国内線の乗務員を1年半ほど務めたあと、国際線に移った菅野さん。当時からとくに気に力を入れていた仕事が機内販売だった。

――機内販売のどんなところが楽しかったのですか?

機内では、乗務員が販売員としてお客様からのご注文を受けたり、商品をラッピングしてお渡ししたりします。私が入社したばかりの頃は、国内線では8品目くらいしか取り扱っていませんでしたが、それでもお客様に商品のことを質問されると、「待ってました」と言わんばかりに商品説明をしていましたね。機内販売の商品を使っている人を見かけると、「買ってくださったんですか?」と声をおかけして、使い心地を勝手にリサーチしていたんです。

――販売のプロですね

ものを売るのに目覚めてしまったんでしょうか(笑)。当時は会社にサンプル品が置いてあって、自由に使うことができましたから、「このお化粧品はここがいいですよ」などと、ショップ店員さんのように、自分で使った感想を交えて商品説明をしていました。2002年の日韓共催FIFAワールドカップのときは、オリジナルグッズの機内販売があったので、私もユニフォームを着たりしながら販売しました。

客室乗務員から本社に異動

菅野さんの機内販売にかける情熱が買われたのか、3年前からは機内販売グループに異動し、商品企画や機内販売誌『JAL SHOP』の制作の仕事をしている。こういった異動の形も存在するのだという。
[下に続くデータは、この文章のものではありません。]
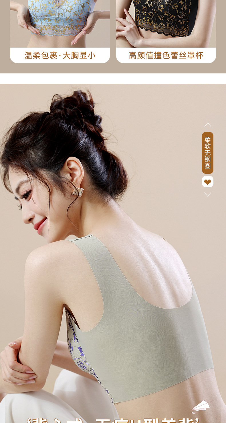 신제품 레이스 조절 가능하고 편안하며 와이어가 없는 여성용 섹시 푸시업 속옷, 사이드 컬렉션, 대형 브라스토어 가기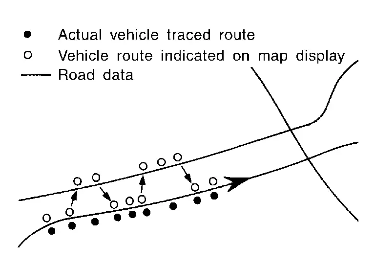 Map-matching compares a current location detected by the method in the “Location Detection Principle” with a road map data.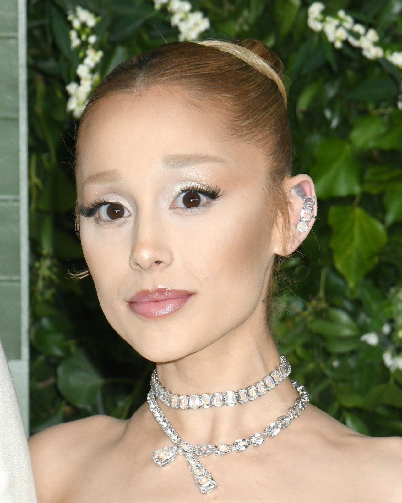 Ariana a fost îmbrăcată într-o rochie Vivienne Westwood de un alb strălucitor, cu o fustă de modă veche evazată la șolduri.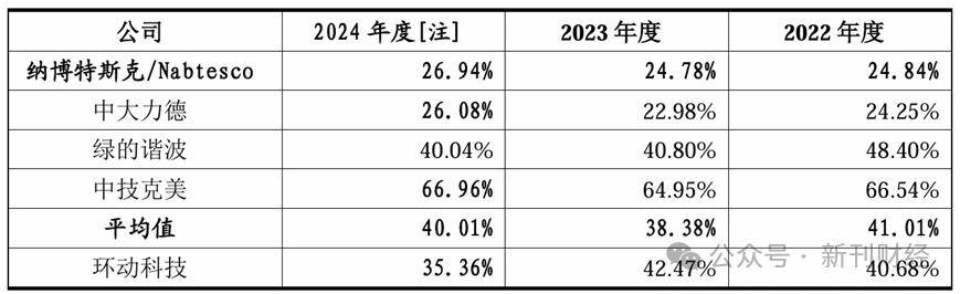 如上表所示,环动科技报告期95%收入来源的RV减速器平均售价、单位成本和毛利率明细。报告期平均售价逐年降低是毛利率下滑的最重要原因,2024年平均售价为2762.14元,同比下降9.89个百分点,基本和营业毛利下降的8.15个百分点保持同步。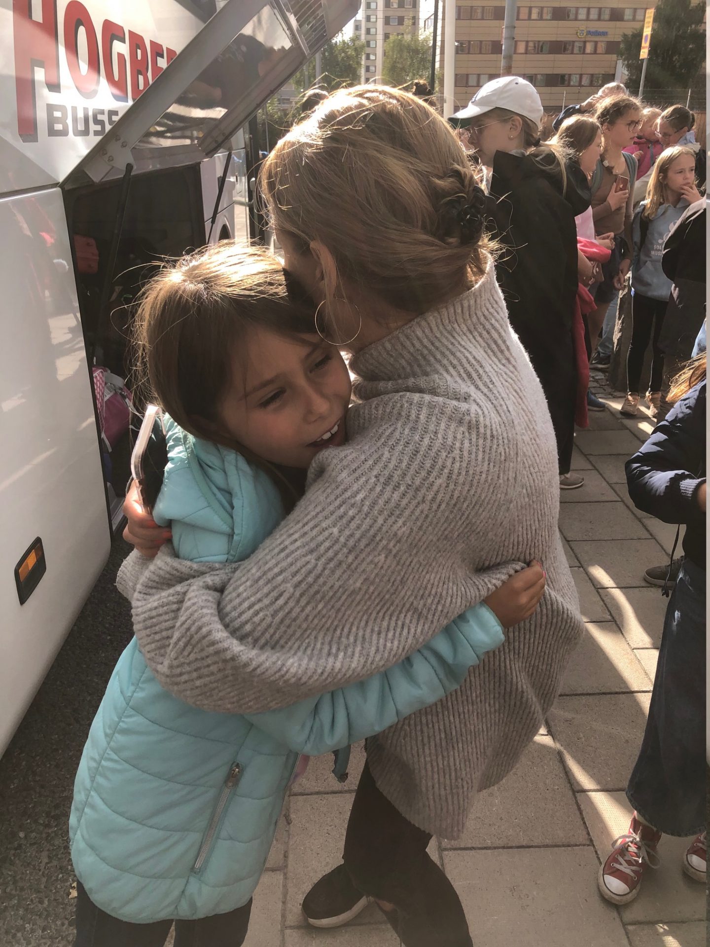 Alla dramatiska föräldrar stod utanför Star Hotell i Sollentuna och vinkade av sina barn. Barnen titta plikttroget ut lite då och då men blev mer och mer fokuserade på vad som hände inne i bussen och mindre på dom tårögda föräldrar utanför.

――商品のセレクトや販売企画をしているのが、菅野さんのような客室乗務員というのが意外でした

そうですね、私自身、機内でお客さまとお話ししながら販売をするのは大好きでしたが、まさか自分が商品企画を担当するとは思っていませんでした(笑)。でも、乗務員は「こんな商品ないの?」ですとか、「この前機内販売で買ったお土産が会社で好評だった」など、お客さまの生の声に触れる機会も多いので、それを反映できる商品企画の仕事にはうってつけかもしれません。

――異動してびっくりしたことなどはありますか?

実は、これまでは衣替えをしたことがなかったんです。どんな季節でも、寒い国に行くときはコートが必須だったり、逆に暑い国に行く時には夏の服を持っていく必要があったりしたので。日本って四季があるんだな、と改めて感じましたね(笑)。

――今はフライトはしていないんですか?

日本航空では、乗務資格を維持するために、半年に1回はフライトすることになっています。そのときに、私が選んだ商品を購入してくださるお客様に出会うと、本当にうれしいですよ。お客様のお話から、商品企画のアイディアをいただくことも多いです。